Instructions to follow:
Transcribe every line of the entries exactly.
#####
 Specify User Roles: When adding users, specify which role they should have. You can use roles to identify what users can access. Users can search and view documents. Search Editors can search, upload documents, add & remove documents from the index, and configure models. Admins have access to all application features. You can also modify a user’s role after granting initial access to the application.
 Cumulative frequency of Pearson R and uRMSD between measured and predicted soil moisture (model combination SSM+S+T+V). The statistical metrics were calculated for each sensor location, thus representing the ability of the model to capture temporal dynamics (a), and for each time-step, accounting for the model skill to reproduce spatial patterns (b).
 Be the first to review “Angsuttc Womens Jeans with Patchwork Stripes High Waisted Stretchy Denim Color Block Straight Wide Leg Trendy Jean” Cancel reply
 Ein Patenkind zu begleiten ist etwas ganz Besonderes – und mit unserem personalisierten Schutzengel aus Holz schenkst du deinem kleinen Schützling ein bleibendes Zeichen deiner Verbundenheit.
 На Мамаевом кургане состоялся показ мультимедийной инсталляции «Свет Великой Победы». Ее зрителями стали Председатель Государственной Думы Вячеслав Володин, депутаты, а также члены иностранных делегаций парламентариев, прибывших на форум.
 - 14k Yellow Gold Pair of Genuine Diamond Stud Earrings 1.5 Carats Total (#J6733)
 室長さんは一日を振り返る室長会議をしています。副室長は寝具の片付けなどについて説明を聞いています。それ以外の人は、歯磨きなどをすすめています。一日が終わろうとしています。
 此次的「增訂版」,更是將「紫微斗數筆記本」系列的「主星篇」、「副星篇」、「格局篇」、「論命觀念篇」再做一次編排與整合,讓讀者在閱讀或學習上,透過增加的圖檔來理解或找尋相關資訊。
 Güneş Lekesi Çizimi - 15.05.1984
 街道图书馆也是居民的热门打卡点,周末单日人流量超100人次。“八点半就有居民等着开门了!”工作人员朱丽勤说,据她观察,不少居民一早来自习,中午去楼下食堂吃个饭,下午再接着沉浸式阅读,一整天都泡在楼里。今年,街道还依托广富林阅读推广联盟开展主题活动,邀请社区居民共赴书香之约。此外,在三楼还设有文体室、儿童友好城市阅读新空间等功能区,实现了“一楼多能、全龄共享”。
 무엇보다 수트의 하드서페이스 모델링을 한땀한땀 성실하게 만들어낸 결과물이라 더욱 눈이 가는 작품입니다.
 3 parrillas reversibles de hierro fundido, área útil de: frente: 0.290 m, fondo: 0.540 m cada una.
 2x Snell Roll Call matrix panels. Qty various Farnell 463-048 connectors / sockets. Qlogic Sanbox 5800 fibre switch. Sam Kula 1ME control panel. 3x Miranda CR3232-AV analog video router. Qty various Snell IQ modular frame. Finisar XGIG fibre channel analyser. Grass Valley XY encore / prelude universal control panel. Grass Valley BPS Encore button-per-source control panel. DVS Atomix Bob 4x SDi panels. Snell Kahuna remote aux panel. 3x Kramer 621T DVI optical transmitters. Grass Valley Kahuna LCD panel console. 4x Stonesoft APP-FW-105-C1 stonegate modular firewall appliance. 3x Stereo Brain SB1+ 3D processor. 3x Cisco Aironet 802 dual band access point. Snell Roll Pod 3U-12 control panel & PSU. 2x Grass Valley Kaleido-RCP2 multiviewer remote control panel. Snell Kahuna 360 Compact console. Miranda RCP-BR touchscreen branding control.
#####
Output for this exercise:
 Specify User Roles: When adding users, specify which role they should have. You can use roles to identify what users can access. Users can search and view documents. Search Editors can search, upload documents, add & remove documents from the index, and configure models. Admins have access to all application features. You can also modify a user’s role after granting initial access to the application.
 Cumulative frequency of Pearson R and uRMSD between measured and predicted soil moisture (model combination SSM+S+T+V). The statistical metrics were calculated for each sensor location, thus representing the ability of the model to capture temporal dynamics (a), and for each time-step, accounting for the model skill to reproduce spatial patterns (b).
 Be the first to review “Angsuttc Womens Jeans with Patchwork Stripes High Waisted Stretchy Denim Color Block Straight Wide Leg Trendy Jean” Cancel reply
 Ein Patenkind zu begleiten ist etwas ganz Besonderes – und mit unserem personalisierten Schutzengel aus Holz schenkst du deinem kleinen Schützling ein bleibendes Zeichen deiner Verbundenheit.
 На Мамаевом кургане состоялся показ мультимедийной инсталляции «Свет Великой Победы». Ее зрителями стали Председатель Государственной Думы Вячеслав Володин, депутаты, а также члены иностранных делегаций парламентариев, прибывших на форум.
 - 14k Yellow Gold Pair of Genuine Diamond Stud Earrings 1.5 Carats Total (#J6733)
 室長さんは一日を振り返る室長会議をしています。副室長は寝具の片付けなどについて説明を聞いています。それ以外の人は、歯磨きなどをすすめています。一日が終わろうとしています。
 此次的「增訂版」,更是將「紫微斗數筆記本」系列的「主星篇」、「副星篇」、「格局篇」、「論命觀念篇」再做一次編排與整合,讓讀者在閱讀或學習上,透過增加的圖檔來理解或找尋相關資訊。
 Güneş Lekesi Çizimi - 15.05.1984
 街道图书馆也是居民的热门打卡点,周末单日人流量超100人次。“八点半就有居民等着开门了!”工作人员朱丽勤说,据她观察,不少居民一早来自习,中午去楼下食堂吃个饭,下午再接着沉浸式阅读,一整天都泡在楼里。今年,街道还依托广富林阅读推广联盟开展主题活动,邀请社区居民共赴书香之约。此外,在三楼还设有文体室、儿童友好城市阅读新空间等功能区,实现了“一楼多能、全龄共享”。
 무엇보다 수트의 하드서페이스 모델링을 한땀한땀 성실하게 만들어낸 결과물이라 더욱 눈이 가는 작품입니다.
 3 parrillas reversibles de hierro fundido, área útil de: frente: 0.290 m, fondo: 0.540 m cada una.
 2x Snell Roll Call matrix panels. Qty various Farnell 463-048 connectors / sockets. Qlogic Sanbox 5800 fibre switch. Sam Kula 1ME control panel. 3x Miranda CR3232-AV analog video router. Qty various Snell IQ modular frame. Finisar XGIG fibre channel analyser. Grass Valley XY encore / prelude universal control panel. Grass Valley BPS Encore button-per-source control panel. DVS Atomix Bob 4x SDi panels. Snell Kahuna remote aux panel. 3x Kramer 621T DVI optical transmitters. Grass Valley Kahuna LCD panel console. 4x Stonesoft APP-FW-105-C1 stonegate modular firewall appliance. 3x Stereo Brain SB1+ 3D processor. 3x Cisco Aironet 802 dual band access point. Snell Roll Pod 3U-12 control panel & PSU. 2x Grass Valley Kaleido-RCP2 multiviewer remote control panel. Snell Kahuna 360 Compact console. Miranda RCP-BR touchscreen branding control.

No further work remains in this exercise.